« Ne pas vouloir d’enfants ne devrait pas choquer »
À 32 ans, Merve Yılmaz préfère se consacrer à sa carrière et à son couple plutôt qu’à la maternité. Un choix personnel qui s’inscrit dans un contexte où les naissances diminuent en Belgique.

Mariée depuis six ans, Merve Yılmaz n’a pourtant aucune envie de devenir mère pour l’instant. À 32 ans, la jeune brune au regard assuré et au sourire discret, chargée de communication reconnue pour son sens de l’organisation et sa créativité, revendique le droit de choisir son propre rythme de vie et préfère se consacrer à sa carrière et à son couple. Calme mais déterminée, elle assume pleinement ses choix de vie. Un choix individuel qui reflète une tendance plus large : en Belgique, 108 696 naissances ont été enregistrées en 2025, soit 3,4 % de moins que la moyenne des années précédentes, selon les chiffres de Statbel.
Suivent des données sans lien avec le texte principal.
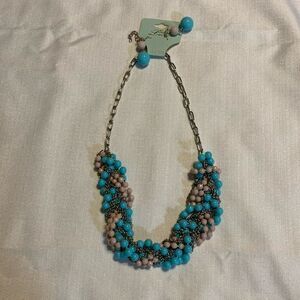 Beautiful multi strand necklace turquoise, blush & silver necklace & earring NWT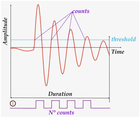 The statistical Counts method records the number of times the acoustic emission (AE) signal exceeds a given threshold within a specific time period. Figure 3 illustrates this process, in which the acoustic signal is compared to the continuous threshold signal, and each time the AE signal surpasses this threshold, an event count is generated at the rising edge.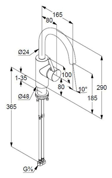 - высота излива 185 мм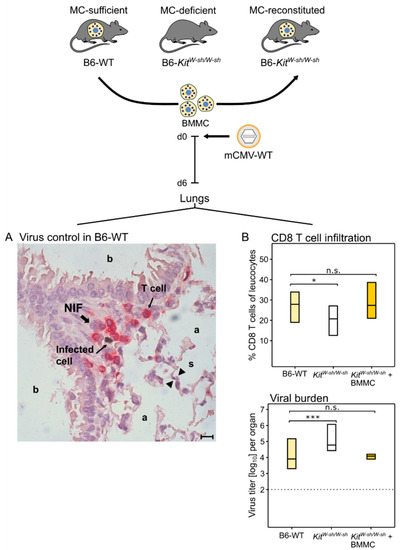 NIF consist primarily of tissue-infiltrating CD8 T cells that are not distributed randomly but cluster around infected cells [63] depending on the presentation of cognate viral epitopes [74,75]. Lung infiltration by CD8 T cells and lung infection were found to be inversely correlated (Figure 2B, [73]), reflecting the fact that CD8 T cells represent the antiviral effector cells in pulmonary infiltrates [61,62,63]. Specifically, a role for MC was shown by reduced pulmonary CD8 T-cell infiltration corresponding to reduced control of pulmonary infection in MC-deficient sash mutants compared with MC-competent B6-WT (wild-type) mice. Importantly, lung infiltration by CD8 T cells and control of infection were restored when MC-deficiency was reversed by the reconstitution of sash mice with bone-marrow-derived MC (BMMC) from B6-WT donors (Figure 2B, [73]).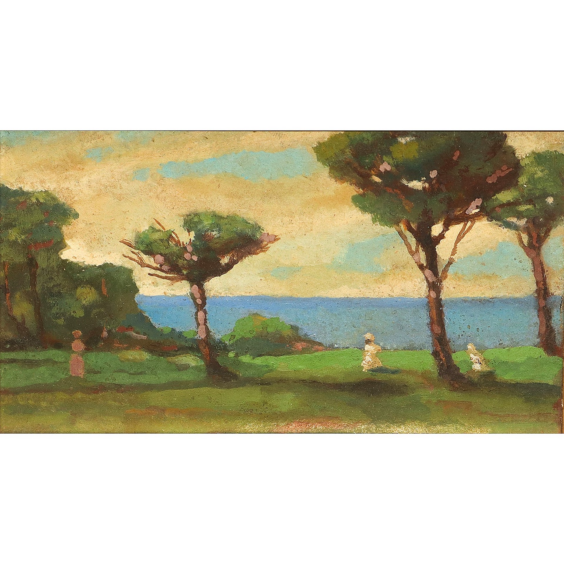 Lotto 161 | Prato con alberi e personaggi sul mare, early 20° secolo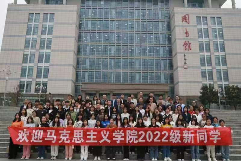会后,马克思主义学院全体教师以及2022级全体同学在图书馆门前合影留念。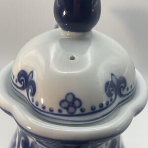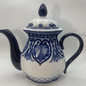 This Vintage Bombay Company Blue and White Tea Pot with Lid features a charming floral motif in a classic French style. Made of porcelain, this medium-sized teapot is perfect for all occasions and adds a touch of elegance to any kitchen or dining room. The blue and white color scheme and intricate design make it a unique and stylish addition to any collection of dinnerware and serveware. Black on bottom can be removed requires scraping.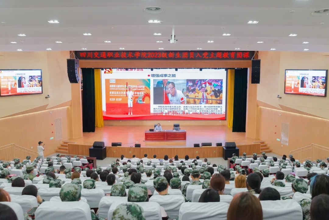 近日,学院面向2023级400余名新生团员代表开展入党主题教育团课。交职院党委书记冯书明以“凝聚党旗下”为主题,从党的性质和宗旨、青春在党旗下奋进两个方面为新生团员讲授了开学的第一堂团课。

« Je n’ai pas à me justifier », affirme Merve d’un ton posé mais assuré. Mariée depuis six ans, elle assume avec détermination de ne pas vouloir d’enfant pour l’instant. Elle n’a qu’une seule idée en tête : « se construire elle-même avant de construire une famille ». Ambitieuse et réfléchie, la jeune femme préfère aujourd’hui se concentrer sur sa carrière et sur son couple plutôt que de reproduire le schéma familial dans lequel elle a grandi. Un choix qui illustre les nouvelles priorités d’une génération.
Ayant grandi dans une famille très traditionnelle, la jeune trentenaire au regard sombre et à l’allure confiante a longtemps été entourée de familles nombreuses. Avec près de dix oncles et tantes et de nombreux cousins, elle a très tôt été habituée à célébrer régulièrement la naissance de nouveaux membres de sa famille. Enfant, sa mère lui répétait souvent de bien manger pour « avoir plein de petits bébés ». Une phrase prononcée avec humour, mais qui traduisait aussi des attentes profondément ancrées dans son entourage.
La famille a-t-elle son mot à dire ?
La pression s’est accentuée lors de l’annonce de son mariage. Ses beaux-parents, attachés à des valeurs familiales traditionnelles, ne comprennent pas ce choix et le jugent égoïste. Mais Merve, indépendante et sûre d’elle, ne se laisse pas déstabiliser.
C’est en commençant ses études supérieures que la Bruxelloise, a progressivement compris qu’elle ne souhaitait pas avoir d’enfants avant longtemps. Cette période marque un tournant dans sa vie. Elle découvre de nouvelles perspectives et construit peu à peu son propre projet de vie. Aujourd’hui, dans son travail de chargée de communication “où elle jongle entre gestion de projets, organisation et créativité” elle dit avoir trouvé un équilibre qui lui correspond.
« S’il m’arrivait d’avoir un enfant aujourd’hui, ma carrière s’arrêterait, ce que je ne souhaite pas pour le moment. Je n’aurais plus le temps de travailler ni de prendre du temps pour moi. Je devrais sacrifier énormément de mon temps et, si j’ai un enfant un jour, je voudrais pouvoir lui donner toute l’attention et l’amour qu’il mérite », explique-t-elle.
Son mari, Gilles Verhulst, partage la même vision. Lui non plus ne comprend pas la pression souvent exercée sur les couples mariés pour avoir un enfant à tout prix. Pour le couple, la parentalité n’est pas exclue, mais elle ne constitue simplement pas une priorité immédiate.
La Gen Z redéfinit les priorités

2025 affiche 3,4 % de naissances en moins que la moyenne. Cela représente quelque 3 768 naissances de moins que la moyenne sur la période 2021-2024. Ces chiffres n’inquiètent aucunement la travailleuse en communication car, selon elle, les mentalités évoluent et les priorités changent. Elle a souvent pensé qu’il faut se préparer pour accueillir un nouveau-né afin de le traiter correctement et qu’il serait inconscient d’enfanter seulement pour plaire à l’ancienne génération. Ils devront « patienter s’ils veulent avoir de petits-enfants, car ce choix ne les concerne pas. »
Peut-être qu’un jour Merve changera d’avis. Mais pour l’instant, une chose est certaine : pour elle, ne pas vouloir d’enfant ne devrait tout simplement pas choquer.